Tuesday, August 25, 2015

Getting back to booting: Adventures in Fedora 22 Grub Hell

Yesterday, I picked up my Linux laptop from a local repair shop. They were helping me debug a touchpad issue that keeps coming up. They were kind enough to pop out the Linux drive and drop in a Windows one to do some testing; thereby seeing if the issue is hardware or software related. The results are still inconclusive. However, when they returned the laptop to me, the system would no longer boot into Linux.

A quick Google search turned up results like like this one, that implied recovery was going to be a no-brainer. If that wasn't easy enough, there was always SuperGrubDisk, which promised an even easier fix.

Alas, it was not meant to be. After hours of mucking around, I finally gave up. The links I kept finding were either too dated, or just didn't apply to my system. So I did what any smart programmer does when they hit a wall: I went to bed.

This morning, I figured out a recipe for getting back to booting. Here goes:

  1. Download the Fedora Server ISO (yes, it's 2.1GB, get over it)
  2. Install the ISO on a thumbdrive using LiveUSB Creator
  3. Select the Troubleshooting option, and rescue option, thereby booting into rescue mode
  4. Congratulate yourself that you go to a command prompt!
  5. Follow most of the instructions here:
    1. mount /dev/sda1 /mnt/sysimage/boot
    2. mount --bind /dev /mnt/sysimage/dev
    3. mount --bind /proc /mnt/sysimage/proc
    4. mount --bind /sys /mnt/sysimage/sys
    5. chroot /mnt/sysimage
  6. Try running the grub2-install command: grub2-install /dev/sda, but don't panic when it fails with the message missing /usr/lib/grub/x86_64-efi
  7. Turn on system networking: /etc/rc.d/init.d/network start
  8. Troubleshoot system networking.
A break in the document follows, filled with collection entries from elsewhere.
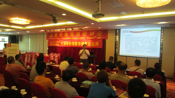 2013年6月14日,公司在廣東英德召開“夏季母豬管理研討會”暨公司技術推廣會,會議在董事長林振雁的主持下拉開了序幕。緊接著公司技術部總監郭金權老師針對“夏季產房母豬常見問題的原因及處理方案”進行了詳細的解說,會議現場座無虛席,互動氛圍熱烈。
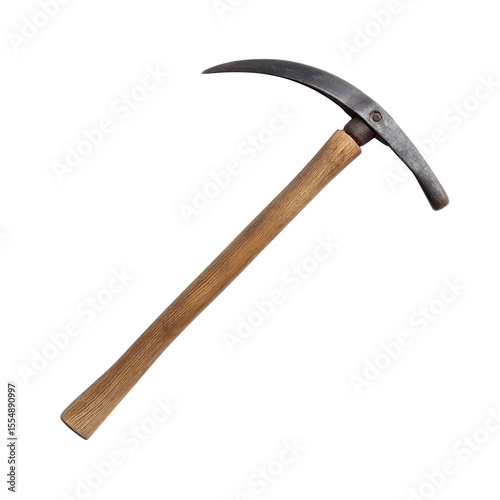 Rustic mining pickaxe with curved metal blade and wooden handle isolated on a white background for abstract industrial themes Transparent background or png
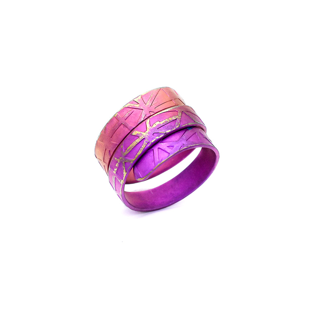 Ρυθμιζόμενο δαχτυλίδι από ανοδιωμένο τιτάνιο σε μοντέρνα περίπλεξη, που σε συνδυασμό με το δυναμικό χρώμα του, χαρίζει λάμψη και εκπέμπει ζωντάνια.
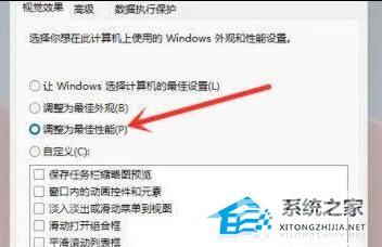 5、再点击上方“视觉效果”选项卡,勾选“调整为最佳性能”即可。
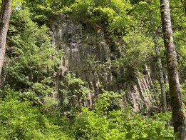 Doch bevor wir das Bachtal erreichen, müssen wir noch den engen-steilen Pfad durch die Wolfsschlucht hinabsteigen, ein ehemaliger Steinbruch, dessen Wände aus eindrucksvollen Basaltsäulen bestehen. Im Nachmittagslicht (aber erst auf Hinweis von Prof. Viereck) schön zu erkennen: eine waagrechte Klüftung in den Säulen, Folgen einer Kontraktion längs der Säulen während des Abkühlens).
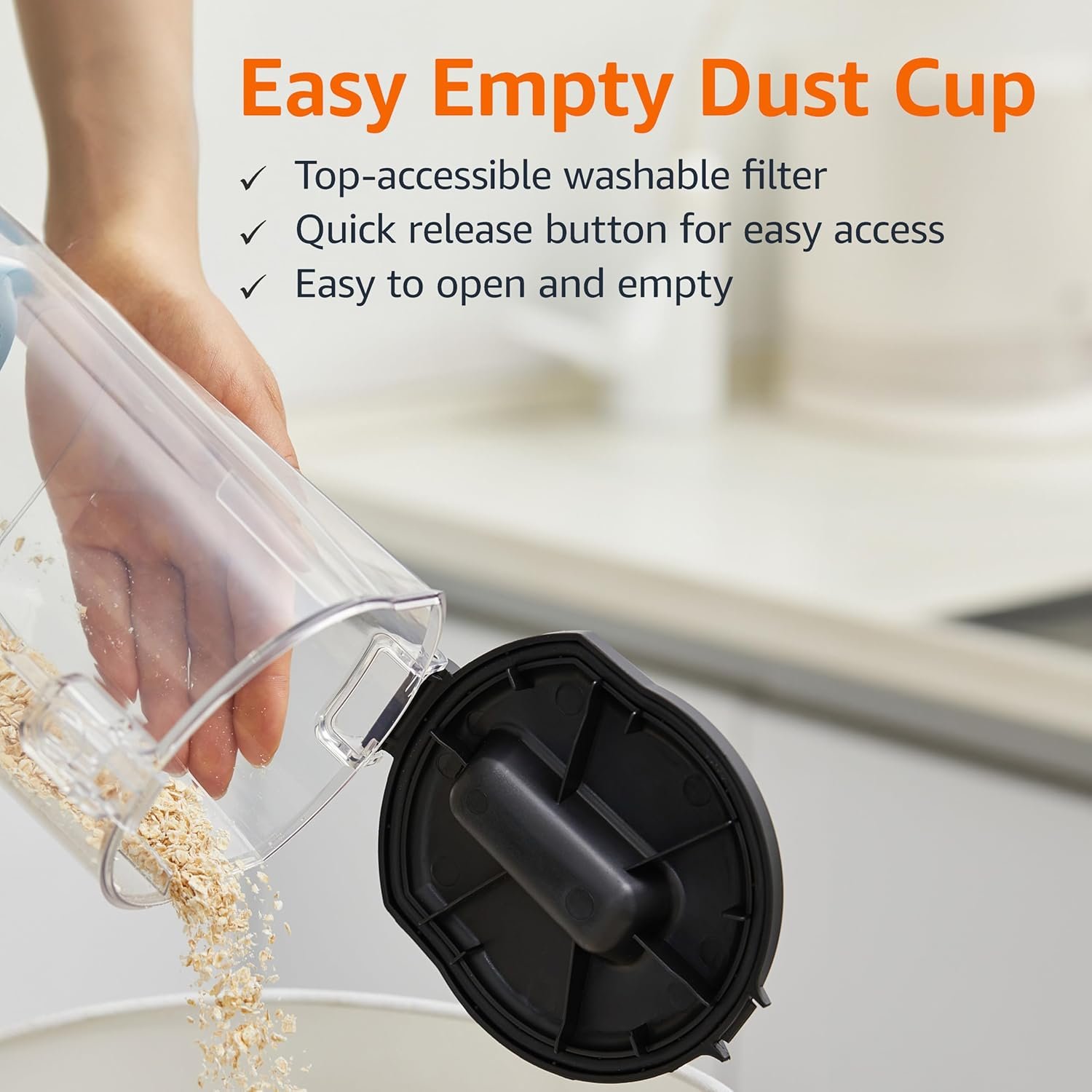 LARGE CAPACITY DUST CUP: These vacuum cleaners for carpets and floors have a 1.7L dust cup that allows for longer cleaning without frequent emptying, and features a quick-release button for easy disposal of collected debris
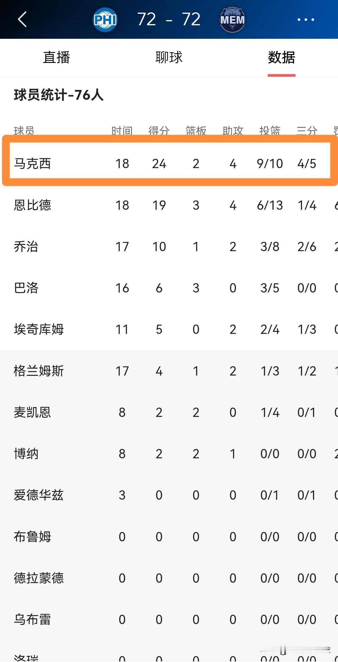 我忍不住要怒赞76人超级后卫马克西!在今天76人客场挑战灰熊的上半场比赛中,马克西打出了极其说服力的表现。在前两节比赛中,马克西首发出战18分钟,投篮10中9,其中三分球5中4、罚球2中2爆砍24分2篮板4助攻2抢断,没有出现任何的失误。 值得注意的是,在第二节比赛的最后时刻,马克西迎着灰熊球员的防守投进了一记让人叹为观止的压哨三分,帮助球队扳平了比分。
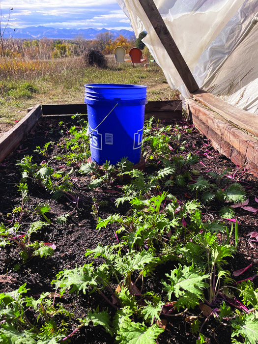 When very low temps are forecast, I fill a 5-gallon bucket with hot water from the kitchen tap and place it inside the hoop house, tucked in between the plants. The heat radiates all night and keeps my plants cozy even when temps are in the teens. The next day, when the air warms up and the water has cooled, I decant water from the bucket out into the bed, an easy way to keep the plants moist when the hoses are disconnected for the winter.

For me, this included adding my nameserver to /etc/resolv.conf
  9. Run: yum install grub2-efi-modules
  10. Try running the grub2-install command: grub2-install /dev/sda, but don't panic when it fails with the message about a missing /boot/efi directory
  11. Run: grub2-install --target=x86_64-efi --efi-directory=/boot/EFI /dev/sda
  12. Rejoice that the install appeared to work!
  13. Yank the thumb drive; reboot; blog about it

I'm sure there's a number of very cool things Grub2 will let me do, and I'm sure I don't care about any of them. I'm just glad to have my system back to booting.